Andrea Neubauer, executive director of the Wells Chamber of Commerce, said the fact that a longtime business changed owners — instead of closing — is an indication of a positive business climate in Wells.

She said there are a couple of other new business owners in town, and the storefronts in the downtown are full.

“I think in Wells we have always supported the local businesses and that more and more people realize the local businesses are what keep the small towns going,” Neubauer said. “Wells is just a good location to have those businesses.”

Add that in with having two state highways running through town, and she said the small city gets a lot of people from out of town stopping in.

On Dec. 19, longtime dentist Gary Hagen’s office was purchased by Midwest Dental out of Mondovi, Wis., with dentist Paul Carlson.

Hagen is retiring and Carlson recently graduated from the University of Iowa College of Dentistry in Iowa City, Iowa.

“We are very lucky that we have somebody here who could fill Dr. Hagen’s spot,” said Pat Stenzel, the receptionist at the business. “He’s doing a fantastic job.”

She said she and others in the community are happy to have a dentist in their community — something that’s not always the case in small towns.

Because they’ve been so busy, the business takes patients from a 15-mile radius, but eventually they’d like to open that up to people further away.

Jody Wegner, owner of the Wells estate sales business Aunt Pearl’s Attic, said most of the times she’s in town, she has to take “a loop or two” to find a parking spot.

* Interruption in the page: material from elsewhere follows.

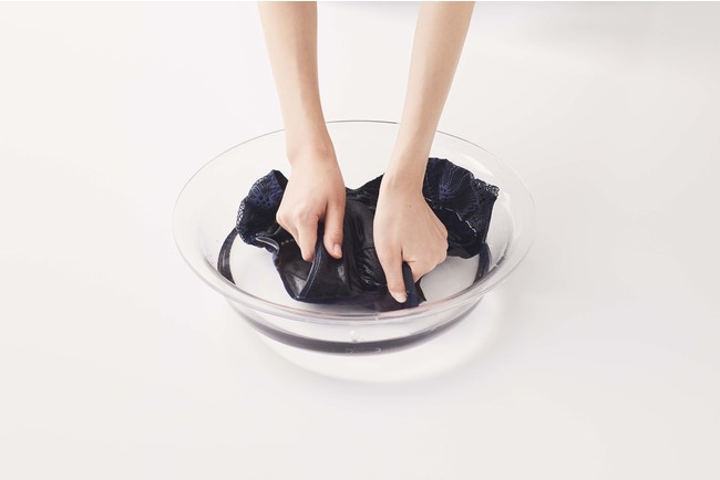 1.ぬるま湯に20分ほど浸し、汚れが出なくなるまで、手で押し出すように優しくもみ洗いします。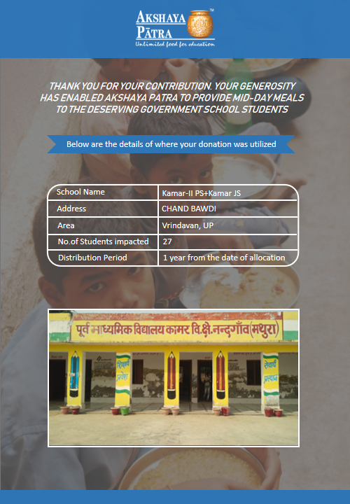I am doing this campaign to raise awareness and funds for the Akshaya Patra Foundation. Funds raised would be used to provide wholesome school lunch to students studying at government schools across UP under the Mid-day meal program.

“I think people are trying really hard to support the local economy,” Wegner said.

She said her own business in the last year has been “exceptional,” noting that she has clients within an 80-mile radius, with the majority of her sales in 2011 coming from Wells.

Though a lot of her success has come because more people are looking for quality items at a reasonable cost, her business is also based largely on word of mouth.

Another major boost to the Wells business climate could come this year with the potential opening of Singleteary Food Solutions, a meat processor out of Garland, Texas, which has announced it will open in the former Wells Co-Pack processing plant.

Neubauer said according to the latest information she has heard, the company still plans on opening. The projection is to employ 200 to 250 employees after three or four years.

“I think we’re going to have a good year this year and hopefully Singleteary will get up and running,” she said.

In the meantime, people can expect to see a few changes at places such as the Dairy Queen and Midwest Dental, which are still transitioning under their new ownership.

The DQ Grill & Chill, as it is called now, will undergo a modernization still this winter, including updating the dining room and other amenities.

Stenzel reassured the dental patients that other than the new dentist at Midwest Dental, things will stay pretty much the same.

“All the employees are the same,” she said. “The only one who’s different is the dentist.”